= Jaimeson =

British musician

Jaimeson (né Jamie Williams) is a British garage producer and MC, best known for his hit singles in 2003 and 2004. He has also produced drum and bass and house music.

Jaimeson emerged in the underground music scene in the 1990s, breaking through in January 2003 with the release of "True", featuring the vocals of Angel Blu and a rap verse by Jaimeson, which peaked at number four on the UK Singles Chart. This was then followed up by "Complete" featuring singer Xara which also peaked at number four on the chart in August 2003 and "Take Control", which peaked at number sixteen in February 2004.

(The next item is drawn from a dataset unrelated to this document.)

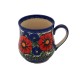- Dekoracja: Kubek zdobiony jest motywem kwiatowym, ręcznie malowanym w żywych, nasyconych kolorach. Dominują odcienie niebieskiego, zieleni,czerwieni co nadaje kubkowi świeży i wiosenny charakter.

Jaimeson ran his own record label, in addition to dealing with his own promotion. He has remixed many tracks since 2001 such as the Streets' "Has It Come to This", Jay-Z's "Izzo", Maxwell D's "Serious", Sugababes' "Freak like Me", Big Brovaz' "Baby Boy", Billy Crawford's "You Didn't Expect That", Harry Wilkins' "Sex Go Round", 3rd Edge's "In and Out" and Destiny's Child's number one hit, "Survivor".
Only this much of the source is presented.